Французская новелла XX века. 1900–1939
Шрифт:
На этом балу он, конечно, встретит старых товарищей, с которыми подружился в госпитале или встречался в Центре переобучения инвалидов. Будет вместе с ними перебирать воспоминания. А потом он потанцует. Может быть, это и слабость с его стороны, но он не прочь потанцевать. Танцы? Почему бы и нет? Выжил — значит, прилаживайся. Он уже давно приладился. Он должен жить так же, как все. Люди танцуют. Все танцуют. И он будет танцевать. Настал и его черед. Он довольно часто за скудное вознаграждение бывал тапером, и люди танцевали под его музыку.
Сидя в единственном мягком кресле, имевшемся в его маленькой квартире,
— Подумай только, твой папа пойдет на танцы! Нука, малыш, потанцуй у меня на коленях. Давай садись верхом, вытяни левую ножку. Вот так. И раз, и два, и так-так-так! А теперь другую лапку, правую. Молодец! А я буду петь, слушай!
Он поет, подкидывает ребенка, смеется.
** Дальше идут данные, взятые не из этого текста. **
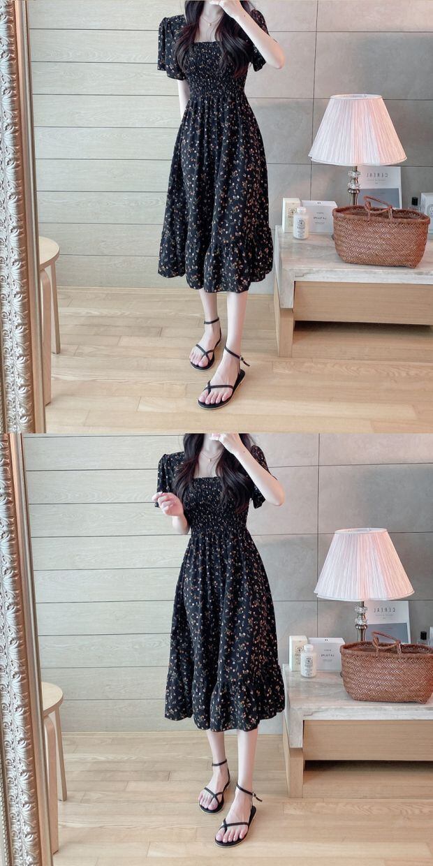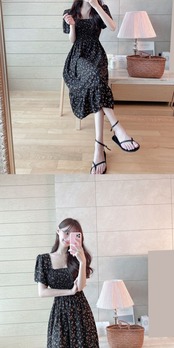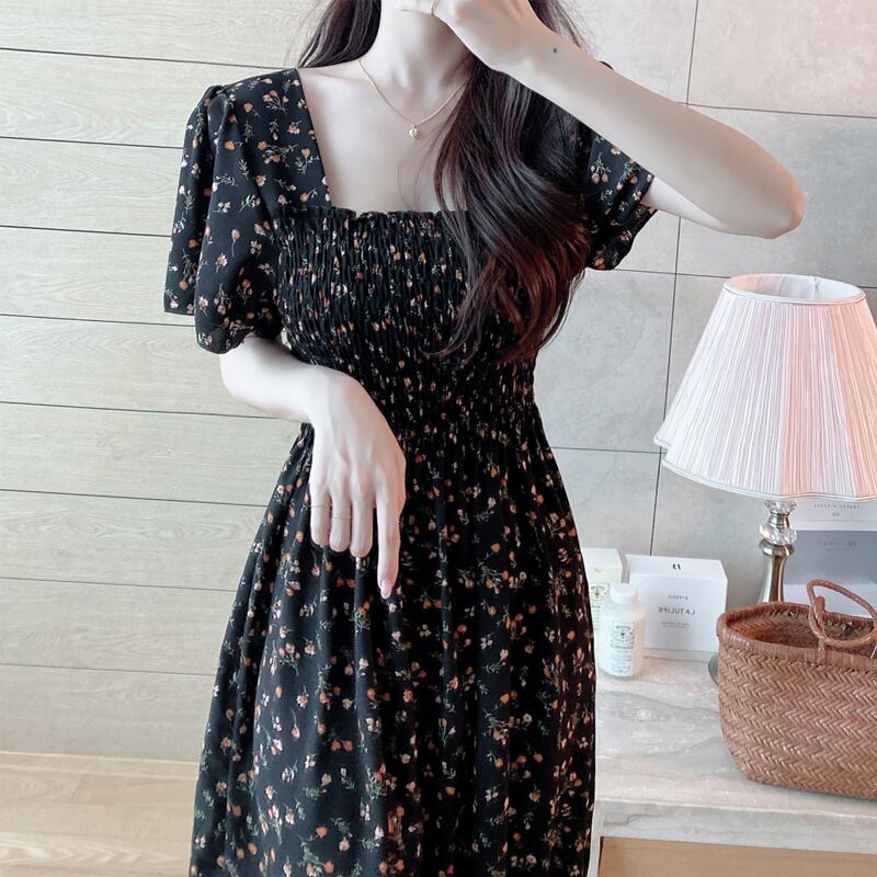サマーブラックスカート ウェストシフォンフローラルドレス 夏物 花柄 左左右右0189193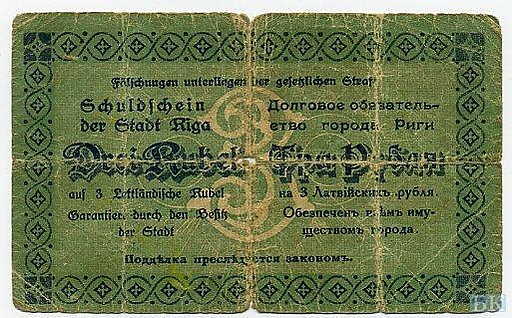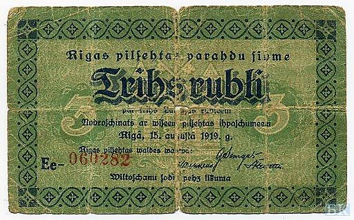 По причине нехватки мелких денежных купюр правительство Латвии 19 февраля 1919 года позволило городу Риге выпустить разменные знаки достоинством в 1, 3, 5 и 10 рублей на общую сумму более 20 млн рублей. Все купюры были с гербом: молот и коса на красной звезде, с надписью по-латышски «Пролетарии всех стран, соединяйтесь». При изготовлении использовалась бумага германского производства.[1][2]

Мальчуган хохочет, заливается смехом, весь трепещет и подпрыгивает.
— Еще! Еще!
Отец устал и, высоко подбросив мальчугана, опрокидывает его себе на грудь, так что у плясуна болтаются в воздухе и руки и ноги.
Вот удачная мысль. Он встает и, обойдя вокруг стола, подходит к жене, которая стоит у газовой плиты и следит за кастрюлей с молоком.
— Ну что ты скажешь? Я приглашен на бал. Представь себе! Я снова начинаю «выезжать в свет» — как говорят молоденькие дурочки. «Мадемуазель, разрешите пригласить вас на вальс. Окажите честь!»
Он отвесил глубокий поклон. Жена разражается смехом. Он кланяется еще раз, шаркает ногой и прикладывает руку к сердцу.
— Мадемуазель!..
— Будет тебе дурить.
— Помилуйте, мадемуазель. Танцы — большое удовольствие и полезное упражнение! Мы так мало делаем полезных упражнений.
— Ты лучше смотри не простудись, когда будешь уходить с твоего бала. Ты что наденешь? Твое зимнее драповое пальто я подштопаю. Но, послушай, у тебя же перчаток нет…
— Правда, нет. А ты думаешь, перчатки необходимы? Ну посмотрим. А вот не разучился ли я танцевать? По части новых танцев — чарльстона, блэк-боттома и прочих свистоплясов я, разумеется, ни в зуб ногой. Ну, а другие танцы… Ты же знаешь, я в свое время неплохо танцевал. Но надо все-таки вспомнить, поупражняться. Давай попробуем.
— Если ты так хочешь.
Он прячет свою трубку, велит старшему сыну отодвинуть стол в угол. И, открыв объятия, берет жену за талию.
— Отхватим вальс-бостон. Хочешь?
Он напевает, и вот они пускаются в пляс под старинный, то скачущий, то плавно скользящий мотив. Жена довольна. Славная мысль ему пришла. Дети прыгают вокруг них: старший кружит за ручонки младшего, и тот визжит от радости.
Вдруг жена вырывается.
— Ой, молоко уйдет!
И бежит спасать молоко…
Он стоит неподвижно возле своих ребятишек, луч солнца греет его лоб и веки, прикрывающие пустые глазницы; он запыхался, грудь его ширится от полноты счастья и молодой веселости…
IV
Один из бальных залов большого отеля близ площади Звезды. Вращающаяся дверь, мраморные лестницы, ковры, гардеробная. Смутный гул голосов, мягкое ровное тепло, — словом, комфорт по международному стандарту.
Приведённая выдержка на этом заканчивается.